Gold-plating

Qualche settimana fa non conoscevo questo termine.

Avete presente quel momento in cui si sta sviluppando qualcosa e il pensiero comincia a prendere la tangente: “Ma se succedesse anche questo allora c’è bisogno di quest’altro. A questo punto all’ora potrei implementare questa funzione!”. Oppure: “Aggiungiamo anche questa funzione perché magari può succedere che…”. Quando sentiamo queste frasi dette da qualcun altro o che girano per la nostra testa dovremmo immediatamente tirare il freno a mano. Quello che sta succedendo è, molto probabilmente, gold-plating. Stiamo facendo più del richiesto.

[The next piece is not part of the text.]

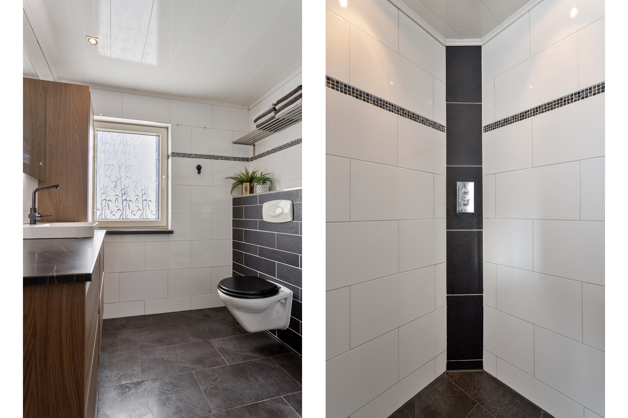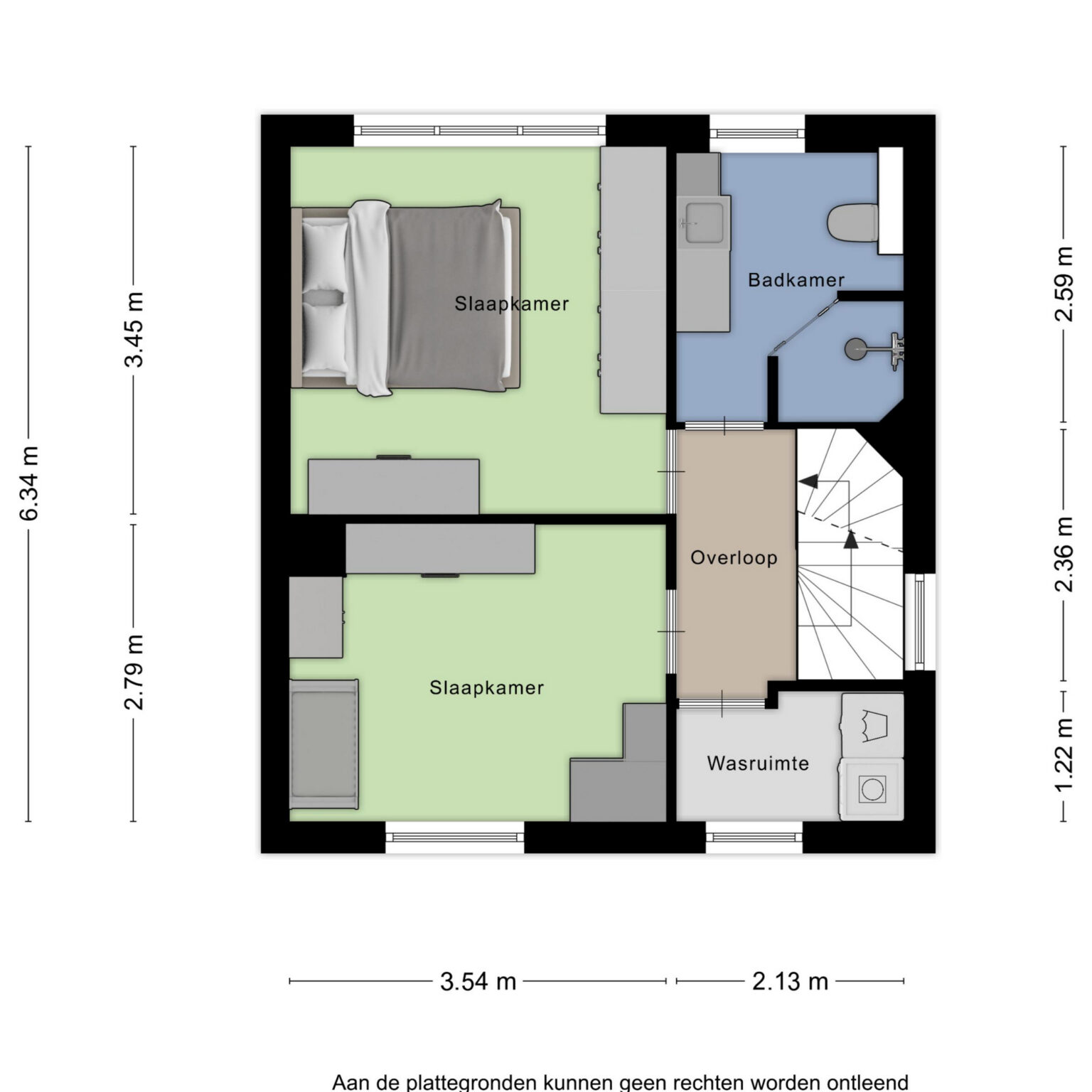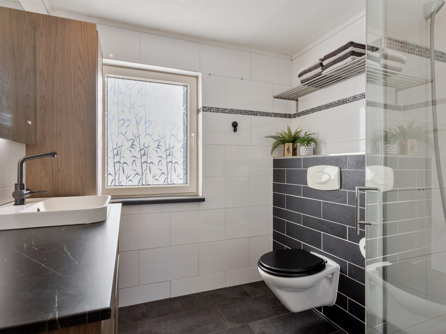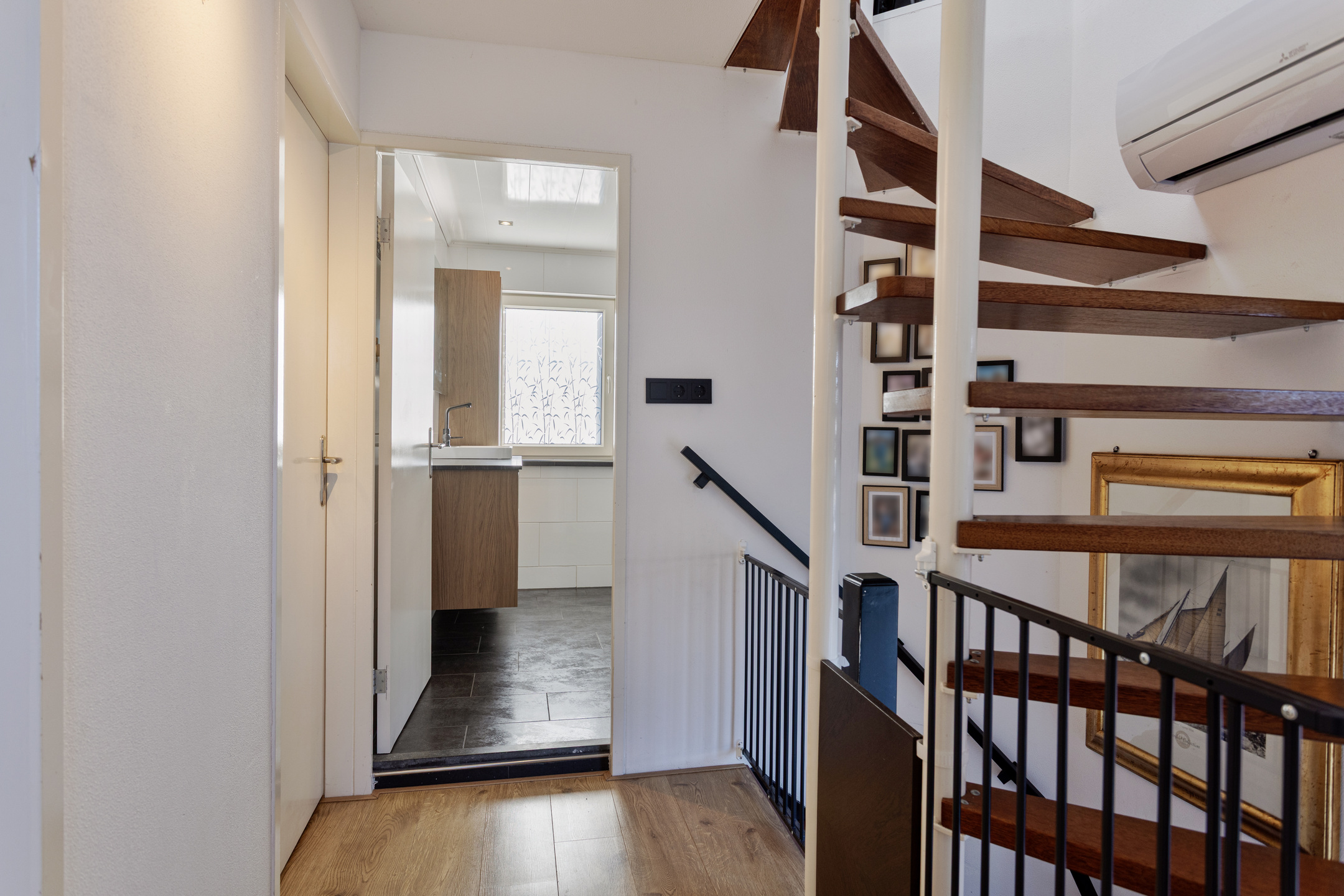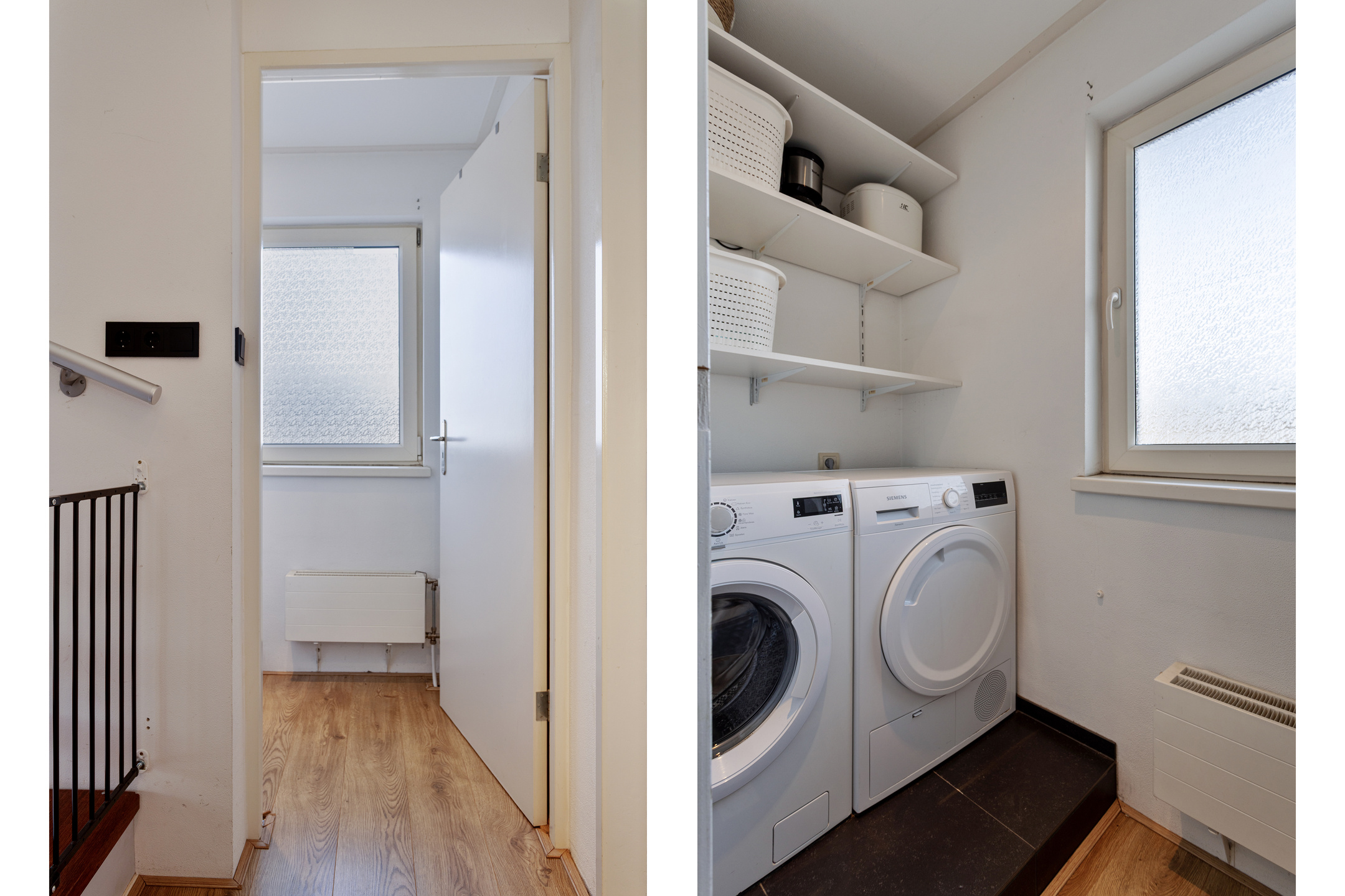 De overloop geeft toegang tot de badkamer en twee ruime, comfortabele slaapkamers. De badkamer is voorzien van een wastafel met meubel, inloopdouche en zwevend toilet. Daarnaast is er een aparte wasruimte met witgoedaansluitingen.

Quando sviluppiamo un software che sia su commessa o che sia per essere proposto nel mercato, dovremmo fare ogni sforzo possibile per implementare solo ed esclusivamente quelle funzioni che sono state analizzate e confermate in fasi precedenti allo sviluppo. Se stiamo affrontando un esercizio accademico, o per studio, allora ci può stare ma non esistono altre eccezioni.

I motivi?

  • Potremmo sviluppare qualcosa di non gradito;
  • Potremmo addentrarci nello sviluppo di qualcosa che, involontariamente, peggiora la situazione del progetto perché più complessa del previsto;
  • Si compromette la buona riuscita del progetto perché si sta dedicando tempo a qualcosa che  non era stato inserito nella pianificazione;
  • Potremmo scatenare effetti collaterali in altre parti del software a cui non abbiamo pensato;
  • Aumentano i costi;
  • Il committente non sta pagando per quelle righe di codice.

Il concetto del gold-plating non si applica solo a livello di progetto ma a tutti gli strati di una progettazione software:

  • Se stiamo sviluppando una classe potremmo inserire funzioni non strettamente di sua competenza;
  • In una interfaccia utente potremmo mettere troppe funzioni che ne complicano l’utilizzo;
  • In una tabella di un db potremmo mettere colonne che causano ridondanze che devono essere mantenute per niente.
  • Un metodo di una classe potrebbe voler fare troppe cose e diventare un monolite.

Come programmatori dovremmo sempre essere sull’attenti quando stiamo implementando qualcosa: meno scriviamo e meno danni facciamo, meno danni facciamo e più è alta la probabilità di fare qualcosa che funziona.